Edward Rowland Alworth Merewether

Edward Rowland Alworth Merewether (Avatar)

1892-1970

Vol VI

Pg 335

Edward Rowland Alworth Merewether

1892-1970

Vol VI

Pg 335

b.2 March 1892 d.15 February 1970

CB(1956) CBE(1948) MB BS Durh(1914) MD(1916) MRCP(1938) FRSE(1940) FRCP(1946)

Edward Rowland Alworth Merewether was born in Durham. The son of Alworth Edward Merewether, a naval surgeon, his great grandfather was John Merewether, Dean of Hereford and private chaplain to Queen Adelaide. He qualified MB BS from Durham in 1914 and two years later he got his MD, with Gold Medal, at the same University. He held house appointments at the Royal Victoria Infirmary Newcastle, but very soon joined the Royal Navy as a surgeon and was seconded to the Army and took part in the Serbian Army’s retreat to Salonika. For his work at this time in the typhus epidemic he was awarded the Order of St. Sava of Serbia. After demobilisation he spent a short time in general practice and served as Chairman of the Ministry of Pensions Medical Board, and later as a Medical Member of the Pensions Appeal Tribunal. In 1922, he was appointed Assistant Tuberculosis Officer in Sheffield, and, in 1925, Assistant School Medical Officer, Salford. In 1926, he was called to the Bar by Gray’s Inn.

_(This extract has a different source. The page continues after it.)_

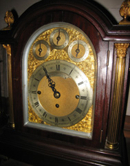 随后苏建华得意地说起条案中央座落的伦敦钟。这座伦敦钟是1785年在伦敦制造的,已经有几百年了,走起来很准的。你看这钟面装饰是黄金打造的,行家叫锤金,你听听它走起来是没有声音的!你看钟面上面刻有三位工匠的名字,一个是做机芯的,一个是做表盘的,一个是做外壳的。看伦敦钟一定要看签名。做一个伦敦钟一般要1-2年,后来有一些犹太人做冒牌的伦敦钟,但他们不敢签名,钟卖的也很便宜,这种做法很劣等。苏建华一口气说下来。

In 1927 he joined HM Medical Inspectorate of Factories, then under the Home Office, and it was here that he made an important contribution both to the practice and science of industrial medicine. His Report (with C W Price) on the effects of asbestos on the lungs, published in 1930, has become a classic. He showed that no less than 81% of the persons who had worked with asbestos for 20 years had pulmonary fibrosis. This Report led to the making of the Asbestos Industry Regulations 1931, and to the inclusion of asbestosis in the workmen’s compensation scheme. Later Merewether was the first person to confirm suspicions that cancer of the lung might be associated with asbestos, but unfortunately his series of observations was not published under his own name but in the Annual Reports of the Chief Inspector of Factories. In the Inspectorate he had an illustrious career which spanned 30 years, in which he did much to build up the esteem in which it was held both nationally and internationally; not only by his work and the standard he set but by his impact as a speaker at medical conferences both at home and abroad.

He was a popular member of the Savage Club, and it was here that his power as a raconteur came to the full.

Merewether was a kind and sympathetic person who had a gift for friendship and an urgent desire to help others which, happily, he was able to achieve both in his professional and in his private life. Throughout his career, his acute mind, engaging personality, and his ability to grasp essentials without losing sight of the details, were apparent in his work, but towards his latter days a streak of obstinacy crept in and he could procrastinate beyond belief. He was at heart a doctor and not an administrator and some felt that medicine, in which his real talents lay, had to take second place to departmental routine of which he was not the best exponent. He was very widely and deeply read, his chief hobby was gardening, and he loved music of a classical and romantic kind. He was a happily married man who enjoyed family life, and his children and his grandchildren felt no generation gap.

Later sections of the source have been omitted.